#### [TASK TO CARRY OUT]
After locating the line with "Un fraile capuchino" in the data that follows, return it and every later line exactly, up to and including the line with "Автомобили в джунглях".

#### [RAW DATA]
————————

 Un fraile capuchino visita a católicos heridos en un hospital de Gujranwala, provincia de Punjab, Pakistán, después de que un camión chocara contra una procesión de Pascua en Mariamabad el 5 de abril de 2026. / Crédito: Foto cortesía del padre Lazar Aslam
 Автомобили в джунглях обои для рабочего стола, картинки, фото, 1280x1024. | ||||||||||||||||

————————

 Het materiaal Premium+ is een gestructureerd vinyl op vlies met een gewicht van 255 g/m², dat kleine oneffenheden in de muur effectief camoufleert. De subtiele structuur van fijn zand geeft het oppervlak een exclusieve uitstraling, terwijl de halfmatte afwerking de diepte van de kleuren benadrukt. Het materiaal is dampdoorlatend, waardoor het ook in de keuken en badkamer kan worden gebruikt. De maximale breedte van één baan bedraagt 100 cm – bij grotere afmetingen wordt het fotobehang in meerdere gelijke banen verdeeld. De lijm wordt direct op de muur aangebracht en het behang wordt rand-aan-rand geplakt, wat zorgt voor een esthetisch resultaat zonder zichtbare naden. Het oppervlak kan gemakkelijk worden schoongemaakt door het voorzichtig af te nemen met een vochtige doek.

————————

#### [PROBLEM SOLUTION]
 Un fraile capuchino visita a católicos heridos en un hospital de Gujranwala, provincia de Punjab, Pakistán, después de que un camión chocara contra una procesión de Pascua en Mariamabad el 5 de abril de 2026. / Crédito: Foto cortesía del padre Lazar Aslam
 Автомобили в джунглях обои для рабочего стола, картинки, фото, 1280x1024. | ||||||||||||||||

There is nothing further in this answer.